Иногда ночью мне снится лодка - читать онлайн книгу. Автор: Александр Покровский cтр.№ 12

читать книги онлайн бесплатно
 
 

Онлайн книга - Иногда ночью мне снится лодка | Автор книги - Александр Покровский

Cтраница 12
читать онлайн книги бесплатно

И, наблюдая исподтишка за «тренируемым», как он прозвал про себя Вову, он испытывал странное удовольствие – как рыболов, у которого клюет, он при этом старался не переборщить, не перетомить беднягу, а то еще обидится, и в силу этого у него, может быть, разовьется даже самолюбие, достоинство или там гордость (а это уже никак не входило в его планы), и он, отодвинув тарелку, скажет: «Спасибо, не хочу!»

Но нет, ничего такого не случалось, и он всегда успевал вовремя подсунуть Вове тарелку и сказать: «Прости, забыл», – тот улыбался, прежде чем проглотить кусок, и он сейчас же чувствовал опустошение, похожее на бессилие, и испытывал желание ударить Вову.

Но теперь ему хотелось ударить себя, или чтоб Вова ему наконец вломил, и тогда, на другое утро, ощущая в себе непроходимую топь, он предлагал ему свою порцию вполне искренне и, пожалуй, даже чересчур поспешно, а тот, чувствуя все же во всем происходящем некую необычность, ненатуральность, брал все это с тарелки настороженно и смотрел в его глаза так, как будто что-то ему открылось, и теперь-то он все про него понял.

Ему становилось не по себе, он ощущал холодок разоблачения, опережая которое, он даже собирался тут же покаяться, перед собой ли, перед заморышем ли, ему еще было не ясно, но лишь только Вова открывал свой рот и произносил что-либо, как становилось понятно, что он – ни о чем не догадывается.

Но сейчас он почти машинально подвинул Вове свою порцию, а потом почти с удивлением наблюдал на его лице улыбку и умиротворение.

В другое время он бы, пресытившись, отворотил свой взор от проявления человеческой радости и, наверное, обратил бы внимание на еду, не преминул бы отметить вслух то, что сливовый сок пахнет железной банкой и смазочным маслом, или сказал бы, что ломтики колбасы в последнее время прозрачностью напоминают листики осины, которые почему-то не трепещут на ветру, а оплывающий кусок сливочного масла назвал бы погружающимся в желтые воды печальным дебаркадером, и это не показалось бы ему подозрительно красивым – напротив, он предпочитал когда-то говорить о еде нарочито пышно, экспериментируя, соединяя почти не соединимые слова, прислушиваясь к их звучанию, используя метафоры, может быть, не всегда точные, но произносимые всегда насмешливо, с веселыми гримасами.

Но теперь это не занимало его. Он был занят другим.
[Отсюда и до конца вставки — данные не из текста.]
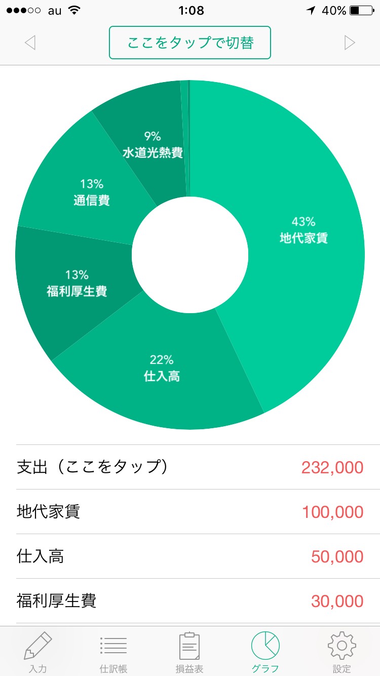 記帳した内容は記帳時に登録した金額や科目を利用して仕分けすることができ、科目別・年別・月別・日別の内訳をグラフで見ることができます。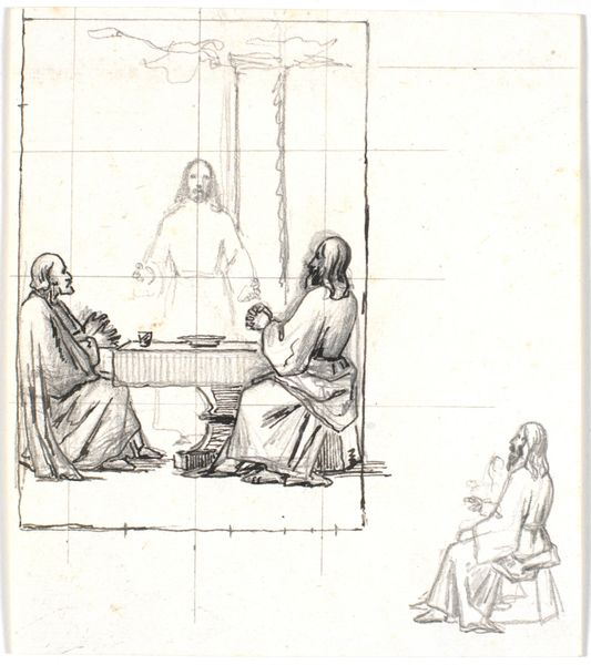 Curator: Right now, we're standing in front of "Maaltijd te Emmaüs," or "Meal at Emmaus," a pen and ink drawing from the late 18th or early 19th century, attributed to Anthonie van den Bos and housed here at the Rijksmuseum. Editor: The moment I saw this, I felt a hush. It's deceptively simple. Just a few lines, really, but the air of revelation... palpable. The subdued gray washes amplify the feeling. What am I seeing here? A sacred secret? Curator: It depicts the biblical scene where the resurrected Jesus reveals himself to two disciples during a meal in Emmaus. Historically, such scenes offered a sanctioned avenue to reflect on faith and the Church's role in interpreting the divine. Remember, representations, and even interpretations, were tightly controlled. Editor: You’re so right, it’s more than just ink on paper; it's access to belief in visual form. It almost feels like peering through a keyhole into a very private moment. I feel as if I shouldn't be watching, they should be enjoying a special reunion dinner with just themselves in the room, unbothered. I imagine that is part of the brilliance behind his choice of medium too: a line and wash are humble tools for an artist to render something so precious, divine. Curator: Absolutely. Also, the artist choosing to portray this specific episode indicates perhaps the rising individual relationship with religious themes that we observed during this time. Paintings and drawings, though still under the eye of institutions and commissions, allowed some measure of re-examination. Genre paintings grew more widely favored. Editor: I also admire the details. The simple table setting, the jug on the floor...they aren't embellished, there's something raw. Each character even looks a bit astonished by the happenings taking place within their party! Yet it has this feeling of comfort to it. Curator: That rawness could also signify a shift away from overly stylized depictions that we saw during the Baroque period that, in other pieces of art, perhaps, favored the elites. Simpler settings allowed more people to identify with it personally. Editor: This quiet drawing really speaks volumes, doesn't it? The use of light and shadow... I think it really evokes such a powerful narrative even now, as we stand here. The lines really are exquisite and that the setting isn't ostentatious feels all that much more poignant. It shows faith and belief at a humble ground level. Curator: Indeed. And, for me, it speaks of how the institutions, while seeking to maintain some measure of order, inadvertently contributed to art that could spark personal reflection during changing times. Editor: Right. Thanks, I guess it shows how we bring both our perspectives to create more layered views when examining the significance of the art.

Казалось, он пытается рассмотреть вблизи причудливые формы будущей мысли, перенесенные с окраин его ума в центр созерцания. Такой особенной мысли, не получившей пока воплощения в словах, как созвездие капелек жира в тарелке супа, странным образом вдруг ожившие и кружащиеся, чуть ли не пританцовывающие, следить за которыми было забавно, но которые ускользнули бы, словно рой неуловимой мошкары, прояви он в этом деле чуть больше упорства и сосредоточенности, задолго до того, как ум его смог бы приступить к более тщательному анализу фигур этого элементарного и вместе с тем изощренного движения.

Но вот его усилия осмыслить что-то невыразимое ослабели, и сейчас же, может быть, из-за этого размягчения откуда-то всплыло воспоминание, как в прошлом походе вот так же за столом он сидел напротив штурмана, прикомандированного из другого экипажа, – неулыбчивого человека, за все время не проронившего ни единого слова.

«Слушай, как тебя зовут?» – спросил он его уже в самом конце похода.

«Меня зовут Боря». – «Спасибо тебе, Боря, – сказал он и неожиданно высунул длинный язык: – Ме-ме!»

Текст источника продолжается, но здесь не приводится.